Stella Jean produced her new assortment with Haitian artisans, lots of whom have misplaced their houses, workshops, and sense of stability, although not their spirit, to crime. “These are my Buffalo Troopers,” Jean stated, borrowing Bob Marley’s metaphor to explain her the ladies she labored with on the venture. Shot throughout the town of Cap-Haïtien, and mixing the designer’s Italian-Haitian roots along with her dedication to cooperative design practices, Aesthetic Coup d’État, as she referred to as the brand new providing, is her manner of giving again to the nation that has given her a lot.

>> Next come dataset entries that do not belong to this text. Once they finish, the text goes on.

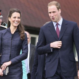 Ataviada con un traje de dos piezas azul marino y guareciéndose de la lluvia con un paraguas, Middleton llegó sonriente junto con su prometido para atender el acto y saludar a los presentes.
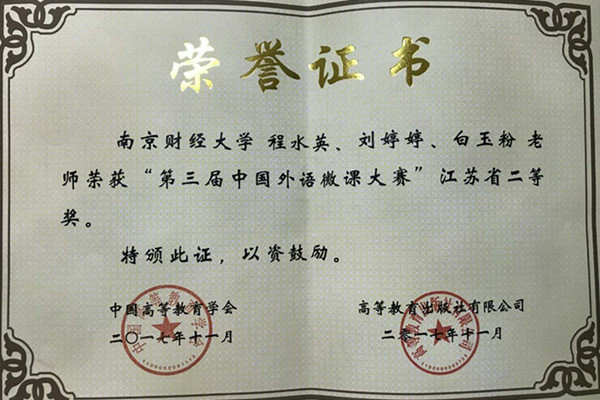 近日,第三届中国外语微课大赛复赛圆满结束,香港赛马会 英语系程水英、刘婷婷、白玉粉老师荣获江苏省二等奖,法语系嵇晔老师荣获江苏省三等奖。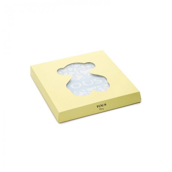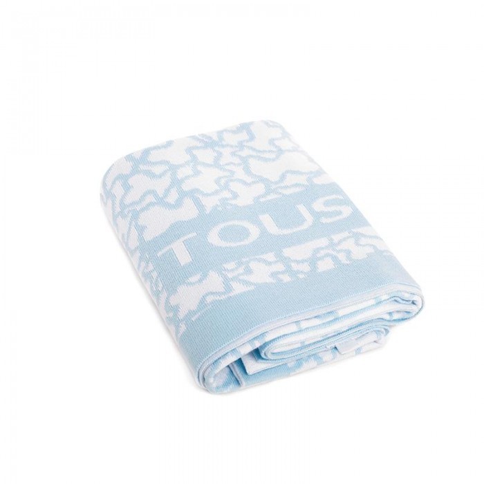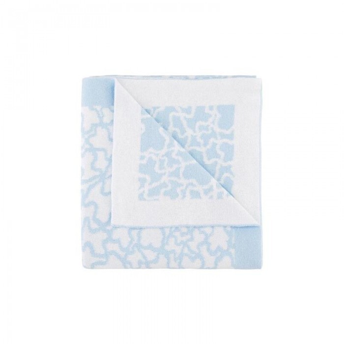 Manta Baby TOUS reversible, confeccionada en jaquard Kaos con hilatura de algodón para arropar al bebé en todo momento y lugar . COMPOSICIÓN: 100% algodón color celeste. MED: 108x90 cm. Certificado OEKO/TEX*. Fabricado en la EU.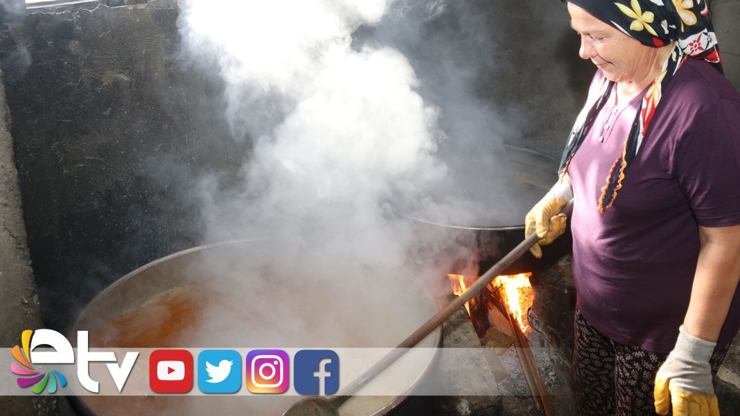 Harıl harıl yanan odun ateşinde pekmez kaynatan Nefise Çobanoğlu, pancarın tarladan sofraya uzanan sürecini anlattı.

The gathering stems from a mirrored image on uniformity and autonomy, particularly Haiti’s historic relationship with Western costume codes and the phenomenon of secondhand clothes exports, identified regionally as ‘Pepe.’ Staples of Eurocentric masculine dressing had been reimagined by Jean: Striped cotton poplin shirts featured embellished bandanas on the entrance, whereas beige tailor-made trenches turned canvases for hand-painted, colourful accents. Hats had been a key function; the standout is a contemporary tackle the normal elongated Haitian headpiece, handcrafted the night time earlier than the shoot by Michel Chataigne, considered one of Haiti’s most revered designers. Whereas shade performed a framing function, silhouettes had been sharp but beneficiant, usually cinched with seen belts. Alongside the outsized hats, golden Creole earrings–giant and spherical–symbolized resilience, energy, and identification.
Greater than a set, this was a cross-cultural capsule grounded in Jean’s core methodology: “It may be a megaphone for individuals who reside in one of many poorest international locations… Possibly vogue could be one thing extra once more, one thing that helps somebody keep open, seen, and alive.”